- Luckin Coffee opened for trading at $25 a share on Friday after pricing its initial public offering at $17.
- Shares trade under the ticker LK on the Nasdaq.
- The two-year-old startup, which in April received a round of funding from BlackRock, is the latest in a long line of money-losing IPOs to hit the US market this year.
- The company competes with Starbucks in China.
- Find out more about Luckin Coffee.
Luckin, trading under the ticker LK, opened at $25 a share after pricing its IPO at $17 the day prior.
The coffee chain sold 33 million shares at $17 apiece on Thursday evening, raising $571.2 million and giving it a valuation of more than $3.9 billion.

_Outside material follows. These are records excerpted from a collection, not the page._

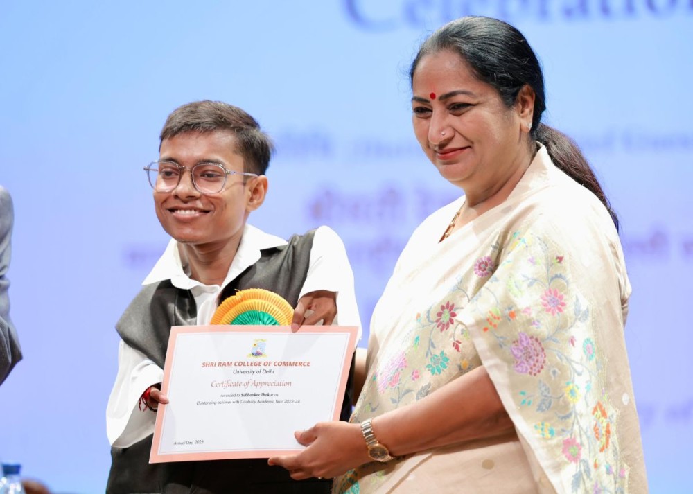 New Delhi: Delhi Chief Minister Rekha Gupta during the 99th anniversary of Shri Ram College of Commerce (SRCC) in New Delhi on Saturday, August 23, 2025. (Photo: IANS/CMO)
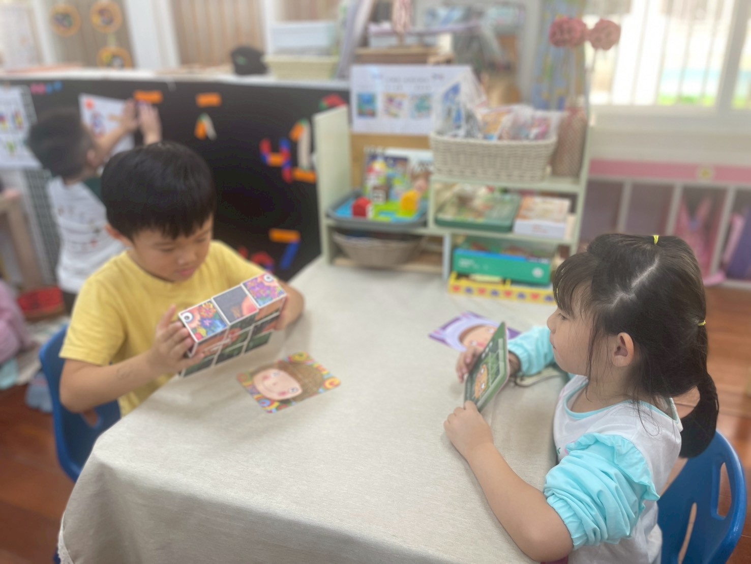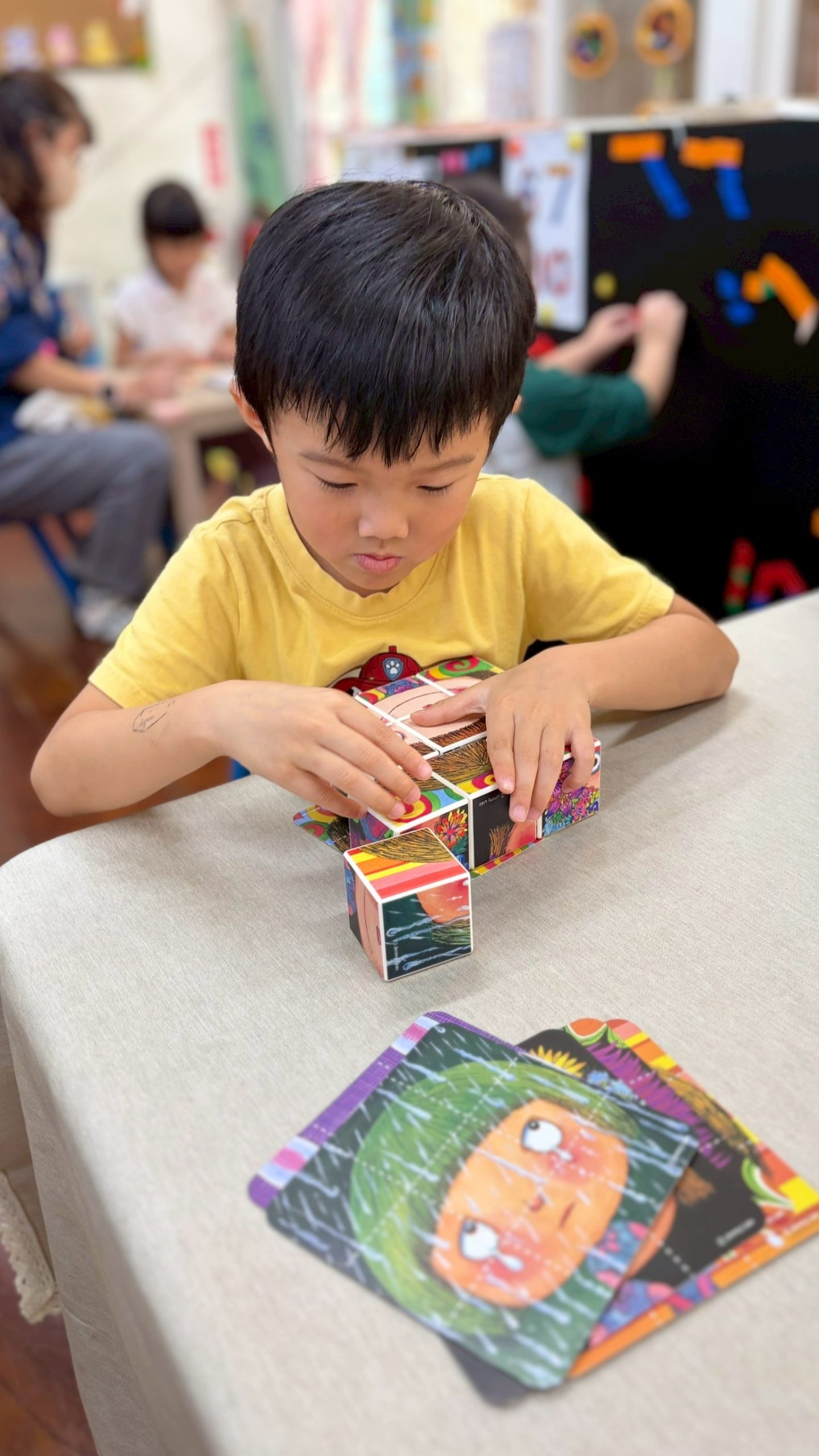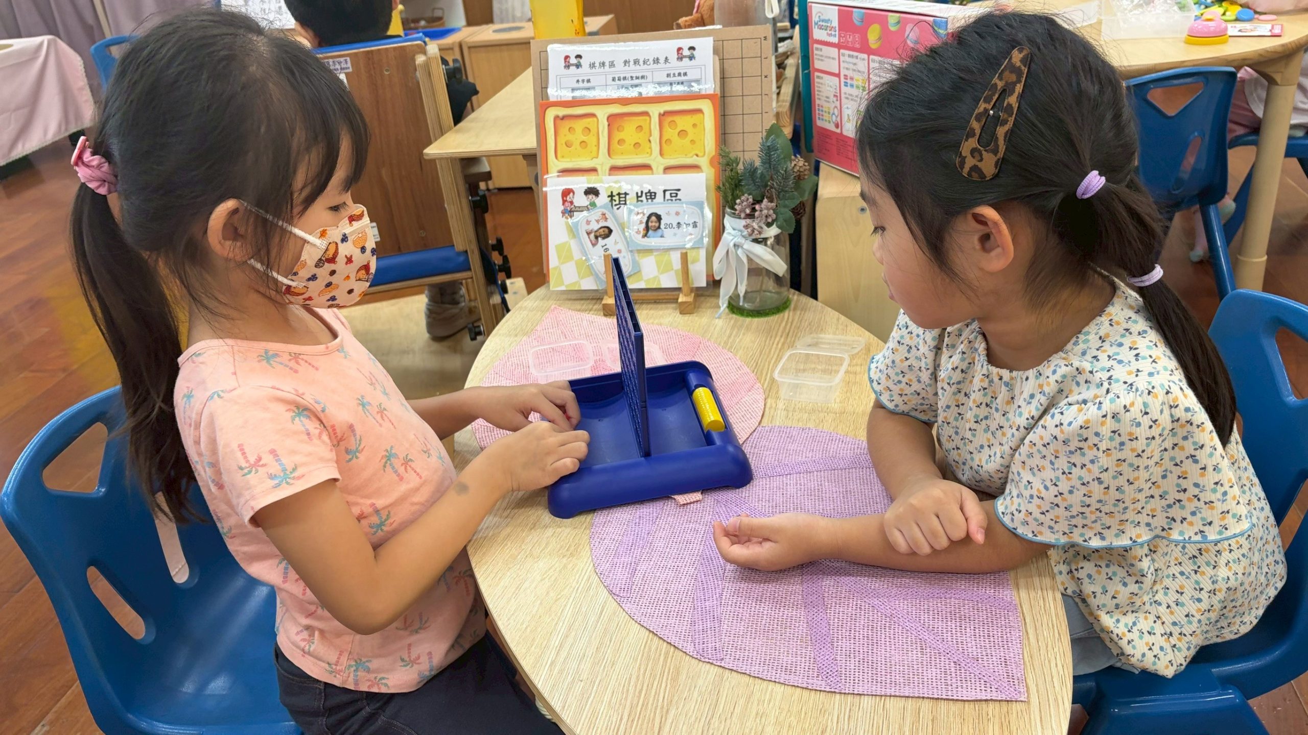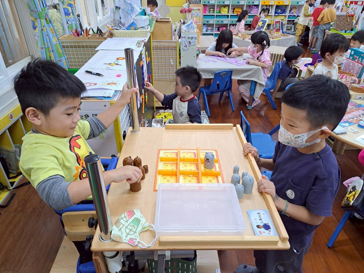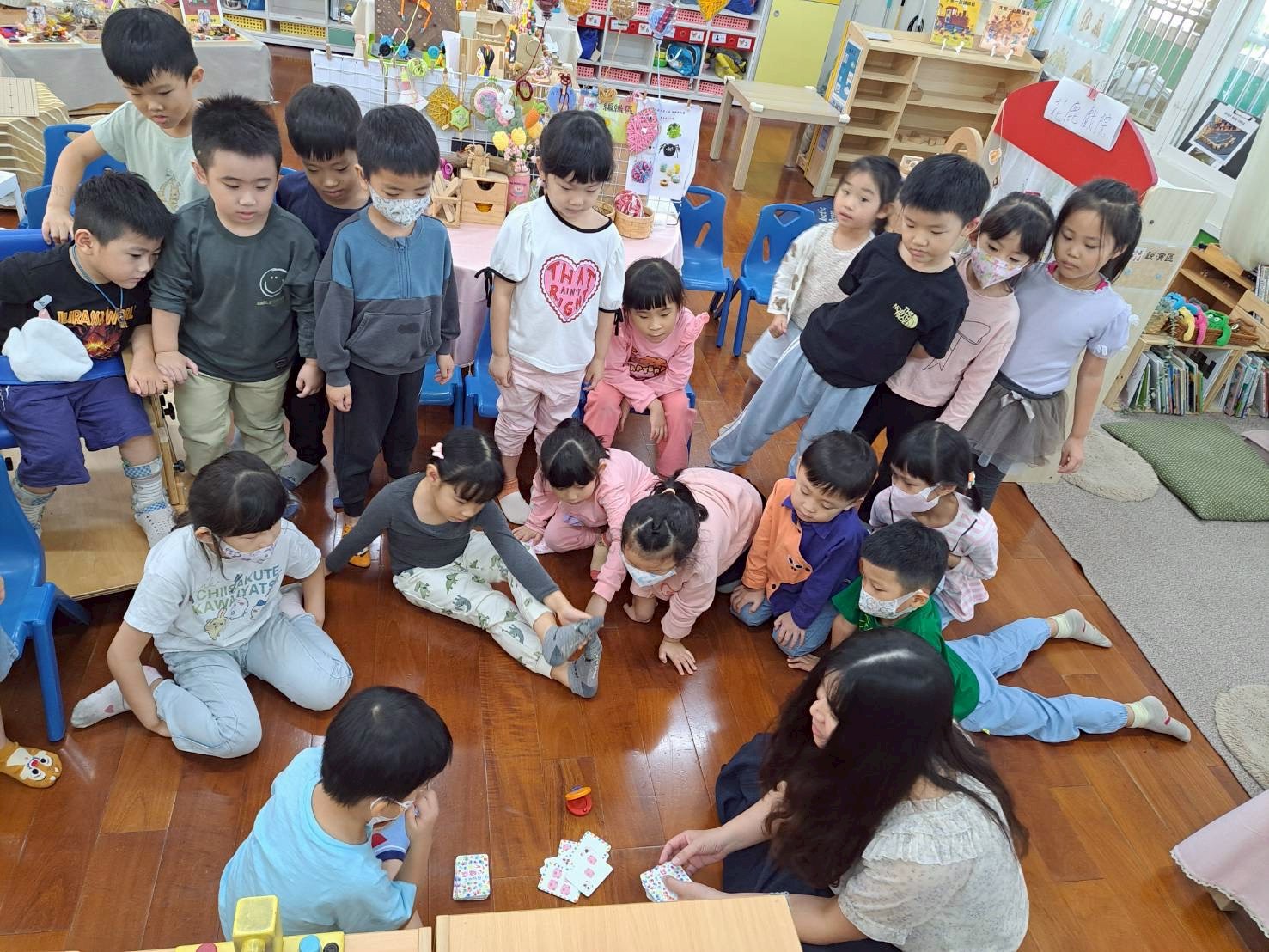 11/5 今天學習區任務~桌遊區,介紹眼明手快心臟病(中班)、寶可夢心臟病(大班)和蜈蚣曬鞋三款遊戲,在共玩中學習規則,並增進數學概念與反應力,也要和棋藝區一樣培養「勝不驕、敗不餒」的精神喔!
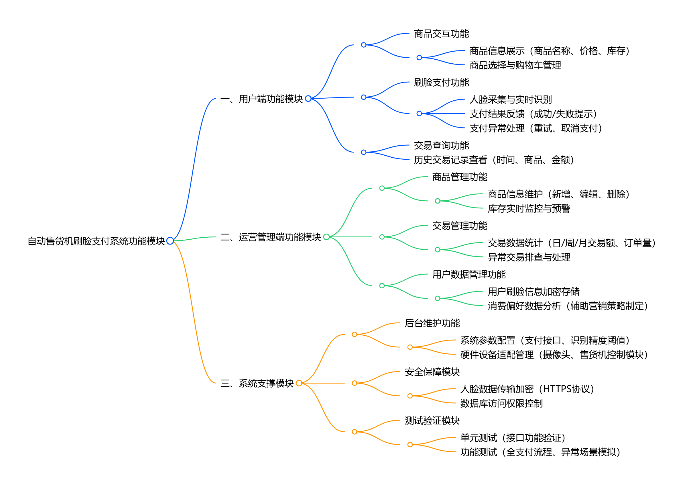此外,系统包含完整的测试环节,通过单元测试与功能测试保障刷脸识别准确率、支付流程稳定性及异常场景(如支付失败重试、数据传输安全)的处理能力,最终实现用户快速支付、商家高效运营的目标。
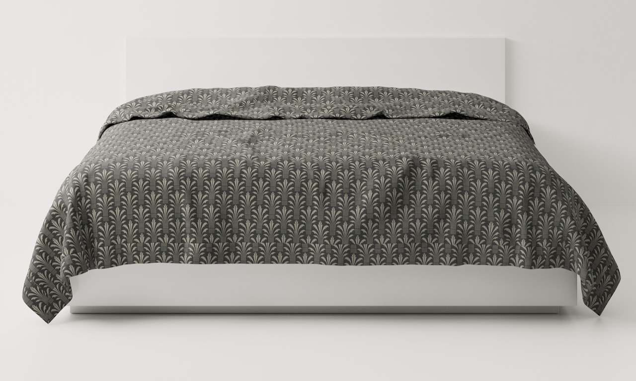 Diese edle Tagesdecke von Leitner Leinen im Dessin Diana aus Halbleinen besticht durch das an das Art-Deco angelehnte stilisierte Palmenmuster, das durch seine filigrane Webart eine wunderschöne Wirkung entfaltet und eine ganz besondere Eleganz ausstrahlt.
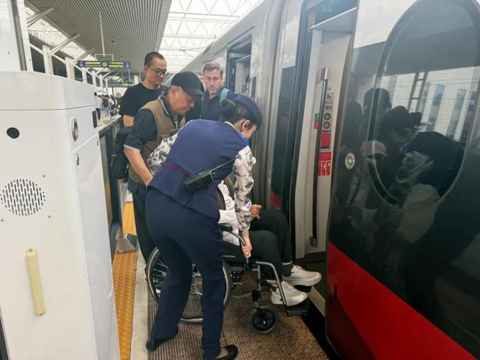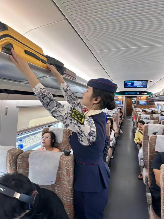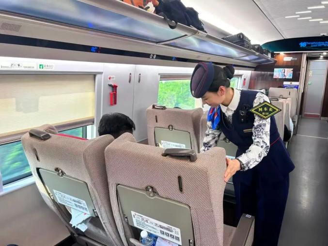 列车行驶途中,她又告知老人及其家人卫生间位置,帮助老人调节好座椅,以缓解久坐带来的旅途疲劳感。
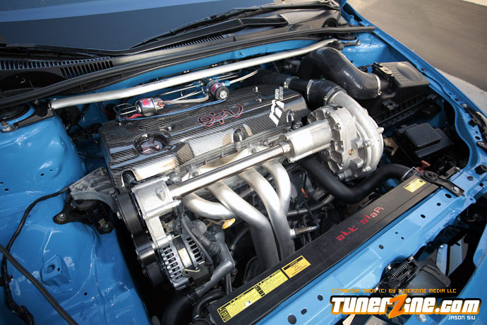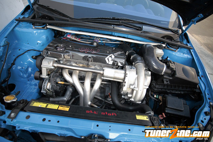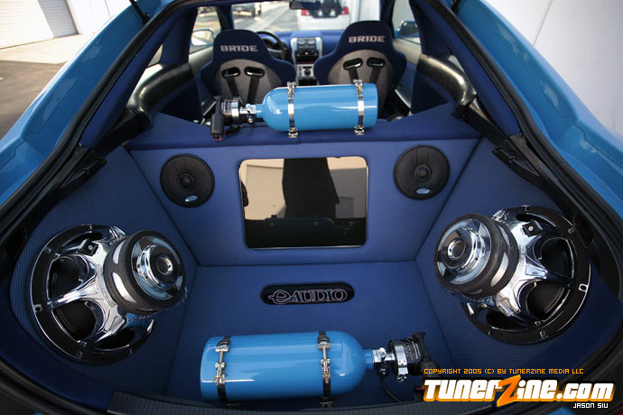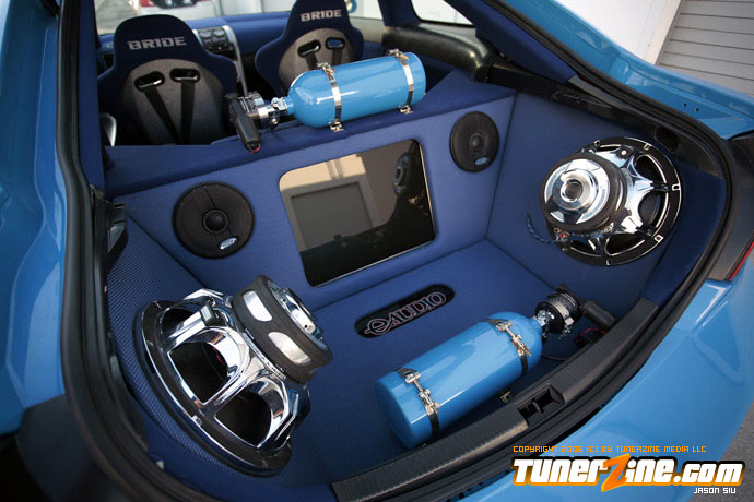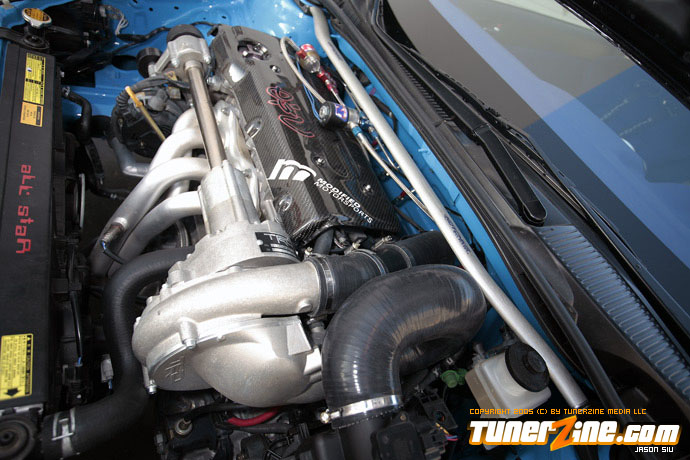 On the exterior, the car has been completely redone with a custom 8-piece wide body kit. The front and the rear have been widened 100mm and molded to match the body. When asked who made the custom body kit for him, all Neil could do was shed a tear and mention a poor little boy by the name of Fortune Shim-Quee: “He slaved away in the heat working with fiberglass for hours on end trying to make it perfect for us. We fed him from time to time, he’s a good boy.” Plenty of carbon fiber goods also adorn the exterior, including a hood and hatch. His wheel selection has changed from Veilside to HRE. His wife told us that the baller spec and ultra wide HRE wheels help make up for something he lacks. We didn’t want anymore information. Knowing that he stepped it up to 19×10.5-inches of pleasure in the front and 19×11-inches of pleasure in the rear was ample. Doused in a custom black center finish, the glossy multi-stepped lip of the HRE wheels arguably make the car what it is today. Wrap those with Falken FK451 rubber and maybe, just maybe, Neil has finally gotten something right.

The company, which was founded just two years ago, has received backing from the asset management giant BlackRock. In the private market, Luckin in April raised $150 million from the firm in a Series B round of funding, according to Crunchbase. In total, Luckin has raised $550 million in funding over four rounds.
Like many other young startups chasing growth, Luckin has yet to turn a profit. The company has opened more than 2,000 stores in China in 18 months. Starbucks has more than 3,600 stores in the country.
The company posted a $475 million loss last year on $125 million in revenue. During the first quarter of this year, it recorded a loss of $85 million on $71 million in sales, according to TechCrunch.
Credit Suisse, Morgan Stanley, China International Capital Corporation Hong Kong Securities Limited (CICC) and Haitong International are leading Luckin’s initial public offering. KeyBanc Capital Markets and Needham are acting as the offering’s comanagers.